Hacker News new | ask | show | jobs
by sebstefan 394 days ago
They're never going to manage to do that, just on a technical level

Plus some users might want to legitimately upload things with AI-generated content in it

3 comments

I'm pretty sure YouTube saves the metadata from all the video files uploaded to it. It seems pretty trivial to exclude videos uploaded without camera model or device setting information. I seriously doubt even a tiny fraction of people uploading AI content to YouTube are taking the time to futz about with the XMP data before they upload it. Sure, they'll miss out on a lot of edited videos doing that, but that's probably for the best if you're trying to create a data set that's maintaining fidelity to the real world. Lots of ways to create false images without AI
"Since launching in 2023, SynthID has watermarked over 10 billion images, videos, audio files and texts, helping identify them as AI-generated and reduce the chances of misinformation and misattribution. Outputs generated by Veo 3, Imagen 4 and Lyria 2 will continue to have SynthID watermarks.

Today, we’re launching SynthID Detector, a verification portal to help people identify AI-generated content. Upload a piece of content and the SynthID Detector will identify if either the entire file or just a part of it has SynthID in it.

With all our generative AI models, we aim to unleash human creativity and enable artists and creators to bring their ideas to life faster and more easily than ever before."

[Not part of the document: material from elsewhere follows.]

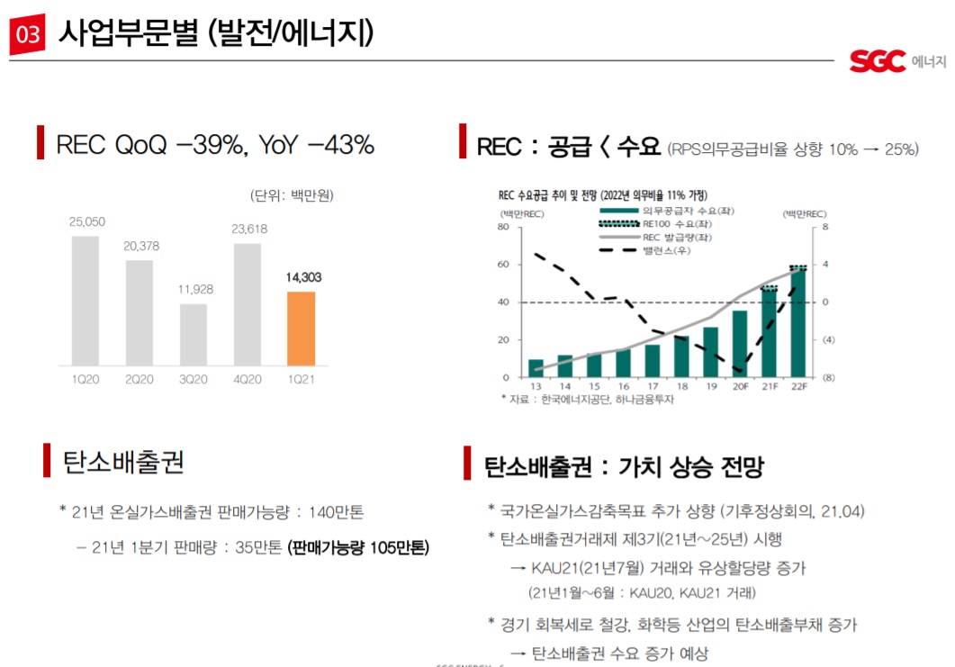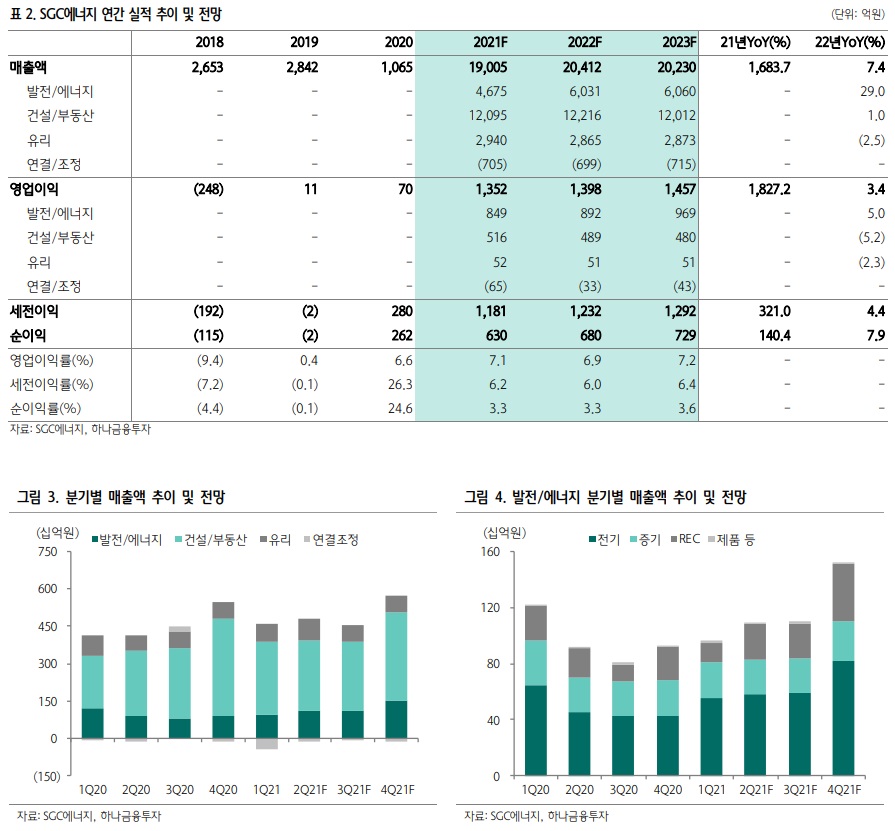 2021년 매출액은 1.9조원으로 전년대비 1,683.7% 증가할 것으로 예상된다. SGC이테크건설 실적을 연결로 인식하는 기저효과와 함께 주요 사업부문인 발전/에너지 외형성장이 기대되기 때문이다. 영업이익은 전년대비 1,827.2% 개선된 1,352억원이 예상된다. 건설/부동산 실적이 정상화되고 SMP 상승으로 발전/에너지 이익도 점차 회복되고 있다. REC는 고정계약 중심으로 매출이 이뤄지고 잇고 기준 가격 변동폭이 크지 않을 것으로 예상되고 있어 현물가격 약세에 따른 우려는 제한적이다. 온실가스 배출권 가격은 7월 이후 흐름이 관건이며 이월 가능한 물량을 감안하면 연간 원가 절감 측면에서 유의미한 기여가 가능하다. 스팀은 신규 고객 확보 이후 외형과 이익이 증가할 전망이다.

From the page linked in the post....

So there's different ways to detect AI generated content (videos/images atleast). (https://www.nature.com/articles/s41586-024-08025-4 <-- paper on synthID / watermarking and detecting it with LLMs)

I somewhat doubt that YT cares much about AI content being uploaded, as long as it’s clearly marked as such.

What they do care about is their training set getting tainted, so I imagine they will push quite hard to have some mechanism to detect AI; it’s useful to them even if users don’t act on it.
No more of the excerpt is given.